3. Omdat het niet zeker is of de beroepszaak op korte termijn alsnog kan worden behandeld, de overdrachtstermijn op 21 november 2024 verstrijkt en zowel de minister als de gemachtigde van eiser zich op de zitting niet heeft verzet tegen het toewijzen van de voorlopige voorziening, wijst de voorzieningenrechter de voorlopige voorziening toe. De voorzieningenrechter schorst het bestreden besluit en bepaalt dat verzoeker niet mag worden overgedragen aan Duitsland totdat op het beroep tegen het bestreden besluit is beslist.
4. De voorzieningenrechter veroordeelt de minister in de door verzoeker gemaakte proceskosten.
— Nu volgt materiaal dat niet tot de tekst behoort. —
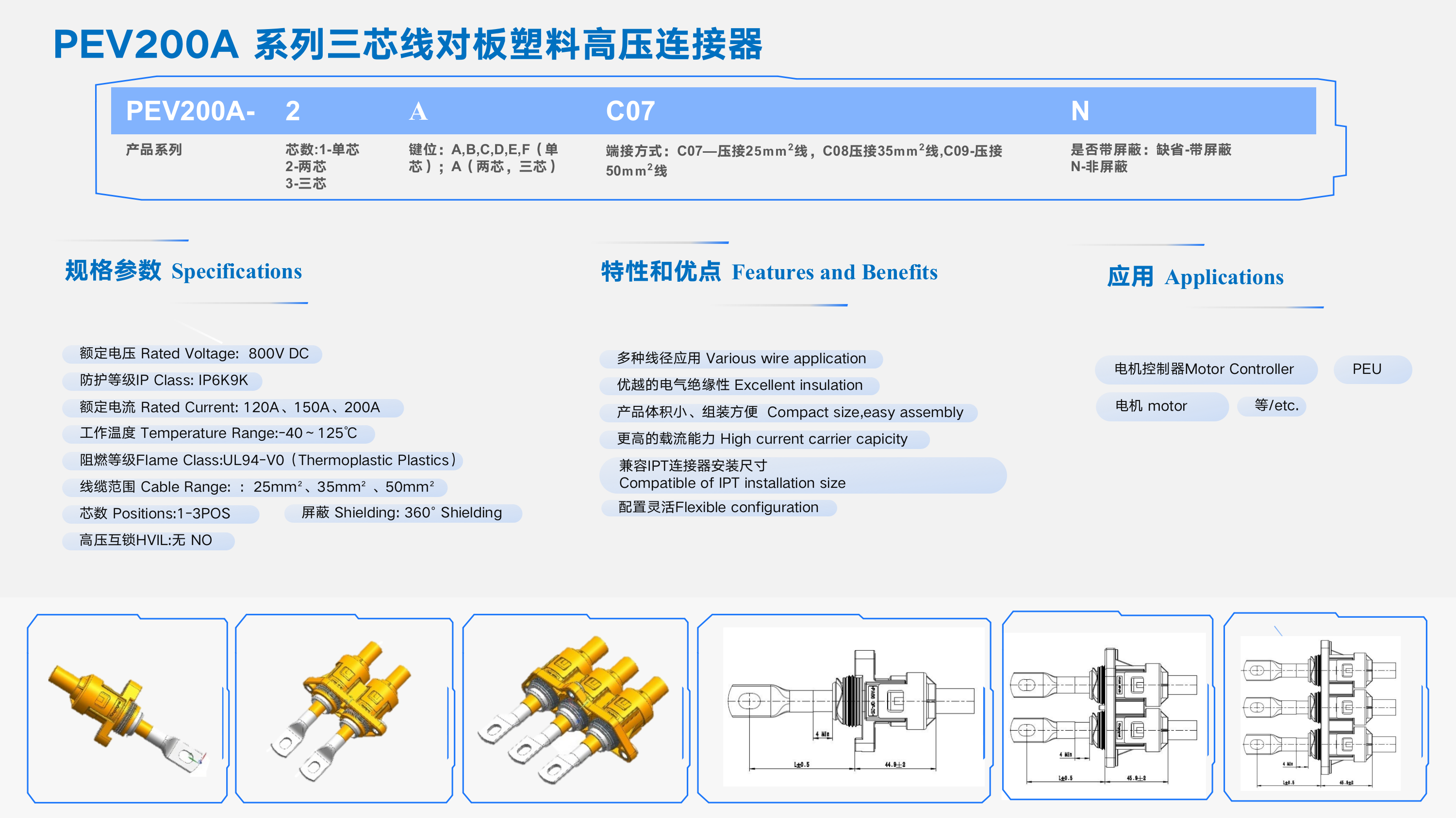 PEV200A 系列三芯線對闆塑料高壓連接器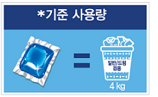 * 표준사용량: 세탁물 4Kg 이하: 캡술 1개(적은 빨래량), 세탁물 4kg초과~ 7Kg이하: 캡슐 2개(보통 빨래량), 세탹물 7Kg초과: 캡술 3개(많은 빨래량)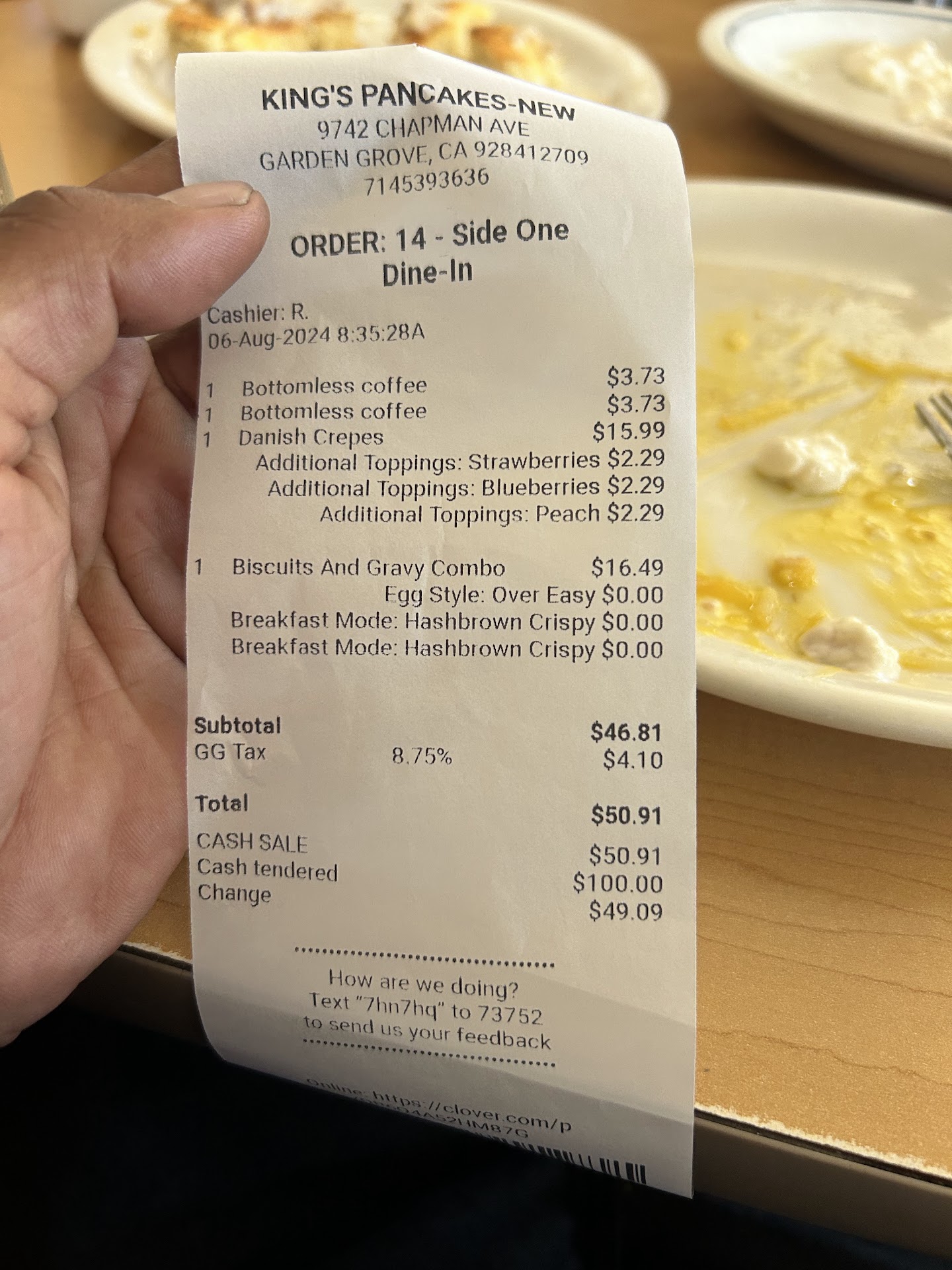 I came in here really excited to eat crepes at 8:30 ish on 8/6/24. My husband ordered the biscuits & gravy plate, I asked for the danish crepes. When I was ordering, the waiter asked me if I wanted blueberry or the strawberry, peach, blueberry trio. I said the trio which I thought was really nice because I didn’t know I had that option. Food came, both the crepes and biscuits & gravy plates were DELICIOUS. Here comes the bill and we see we were charged 2.29 for each of the three toppings on the danish crepes. Had I known it was extra, I wouldn’t have gotten the trio but the waiter OFFERED and didn’t mention they were considered extra toppings. So my plate of crepes went from $16 to $23. Great food but just can’t believe the waiter would offer something that seemed like an option and then it’s extra? PLUS, If the blueberry was a regular price option, why would you charge that as an additional topping? It should have been only 2 additional toppings. I was ready to come back to eat here again until I saw the bill. I would rather stay away if you’re going to charge me dollars for cents of toppings and not tell me when...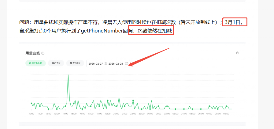 问题:用量曲线和实际操作严重不符,凌晨无人使用的时候也在扣减次数(暂未开放到线上);3月1日,自采集打点0个用户执行到了getPhoneNumber回调,次数依然在扣减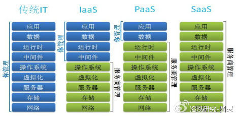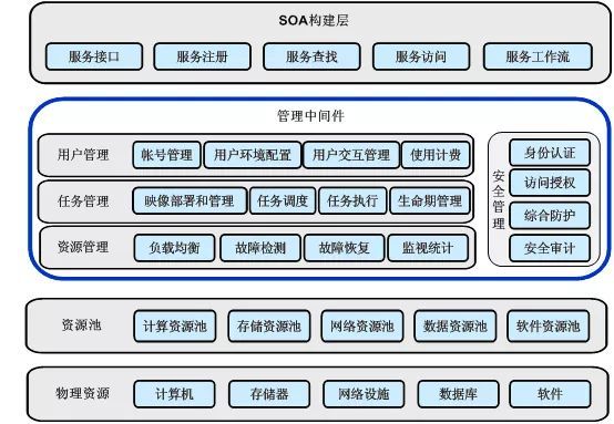 其中,管理中间件和资源池层是云计算技术的最关键部分,SOA构建层的功能更多依靠外部设施提供。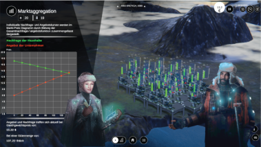 In der Wirtschaftssimulation „Arctic Economy“ startet der Spieler in einem dystopischen Szenario. In der durch Eisschmelze urbaren Antarktis muss er nun eine effiziente Volkswirtschaft aufbauen.

Deze kosten stelt de voorzieningenrechter op grond van het Besluit proceskosten bestuursrecht voor de door een derde beroepsmatig verleende rechtsbijstand vast op € 1.750,- (1 punt voor het indienen van het verzoekschrift en 1 punt voor het verschijnen ter zitting met een waarde per punt van € 875,- en een wegingsfactor 1).
Deze uitspraak is uitgesproken in het openbaar op 1 oktober 2024 door mr. P.J. Blok, voorzieningenrechter, in aanwezigheid van mr. S.J. Valk, griffier.
Dit proces-verbaal is bekendgemaakt op:
07 oktober 2024

Tegen deze uitspraak staat geen hoger beroep of verzet open.